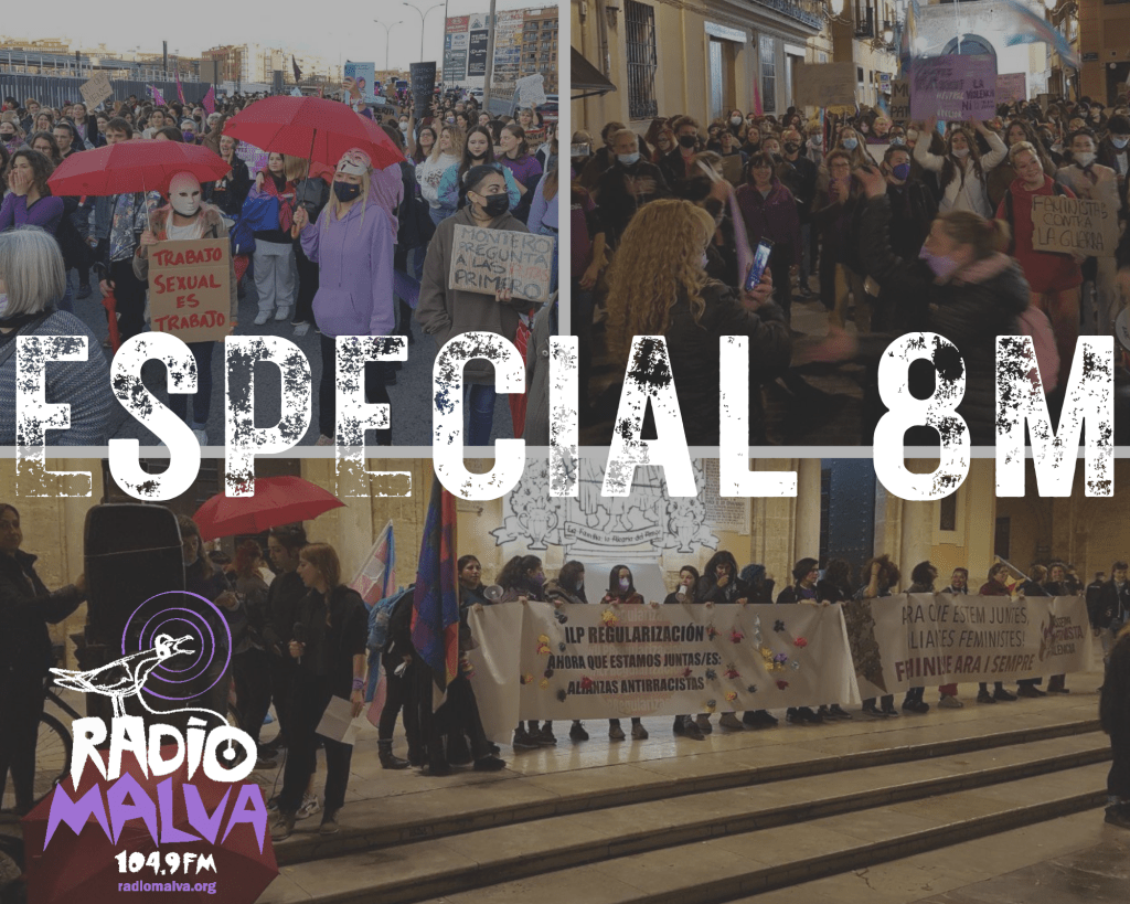 Este 8 de marzo tomamos las calles y también las ondas. 5 horas de emisión en directo desde los estudios de Radio Malva, con conexión con lxs compañerxs que estaban en la manifestación del 8M de Valencia y Castellón y retransmitiendo momentos claves, entrevistas a participantes de los actos y muchos sentires de muchas mujeres que nos han hecho llegar qué es para ellas el 8M. Desde luego no estábamos todas, nos faltan las asesinadas, las presas, las internas, las desplazadas… Pero emitimos a toda potencia feminista radiomalvera, con la esperanza de que nuestras ondas alcancen al menos algunas de ellas.
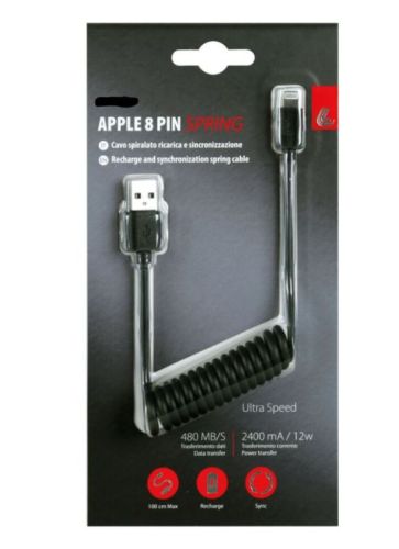 C?ble ressort Usb > Apple 8 Pin - 100 cm - Noir Le c?ble s'allonge si n?cessaire et revient ? sa position d'origine lorsqu'il n'est pas utilis?. Sp?cifique pour les voitures et les motos. Compatible avec la charge ultra rapide et la synchronisation des donn?es. 2400mA/12W
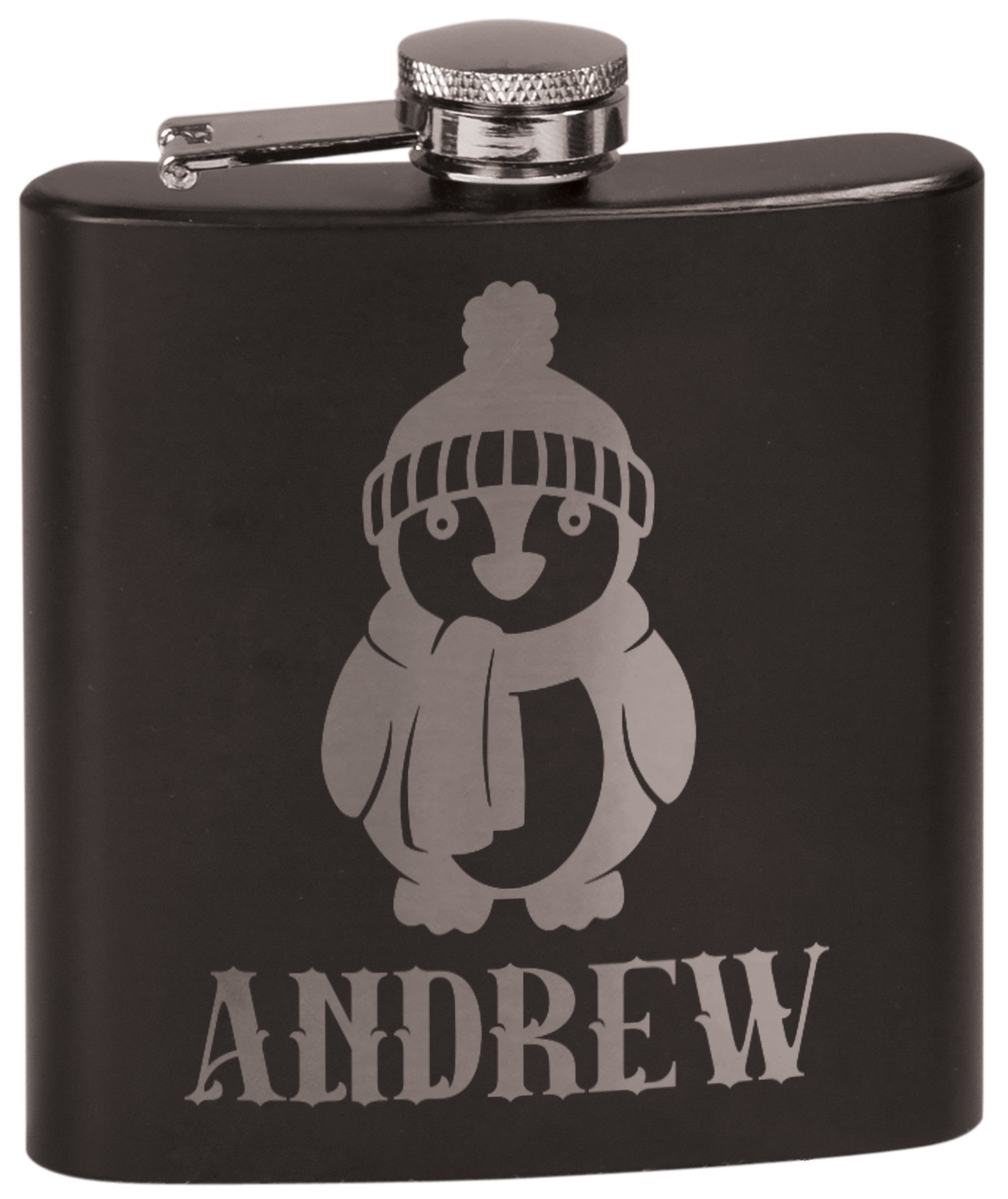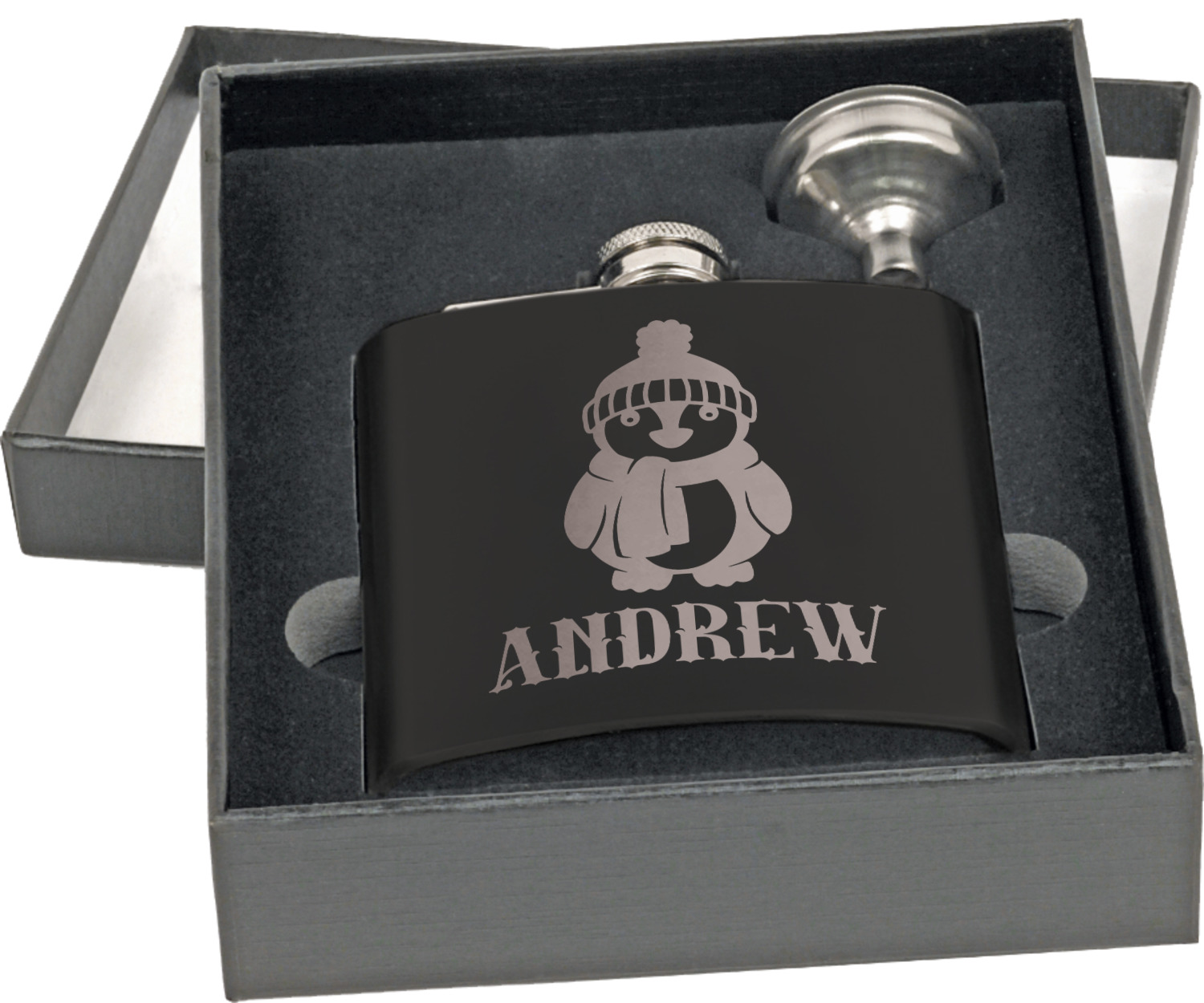 You'll always look classy when drinking when you use our black flask! These personalized flasks have a sleek, black look that will look lovely alongside your other bar-ware and accessories! After you've customized one for yourself, craft one for a friend or loved one!
::::
Pictures aside, reproduce all of the data exactly.

# Response
 Este 8 de marzo tomamos las calles y también las ondas. 5 horas de emisión en directo desde los estudios de Radio Malva, con conexión con lxs compañerxs que estaban en la manifestación del 8M de Valencia y Castellón y retransmitiendo momentos claves, entrevistas a participantes de los actos y muchos sentires de muchas mujeres que nos han hecho llegar qué es para ellas el 8M. Desde luego no estábamos todas, nos faltan las asesinadas, las presas, las internas, las desplazadas… Pero emitimos a toda potencia feminista radiomalvera, con la esperanza de que nuestras ondas alcancen al menos algunas de ellas.
 C?ble ressort Usb > Apple 8 Pin - 100 cm - Noir Le c?ble s'allonge si n?cessaire et revient ? sa position d'origine lorsqu'il n'est pas utilis?. Sp?cifique pour les voitures et les motos. Compatible avec la charge ultra rapide et la synchronisation des donn?es. 2400mA/12W
 You'll always look classy when drinking when you use our black flask! These personalized flasks have a sleek, black look that will look lovely alongside your other bar-ware and accessories! After you've customized one for yourself, craft one for a friend or loved one!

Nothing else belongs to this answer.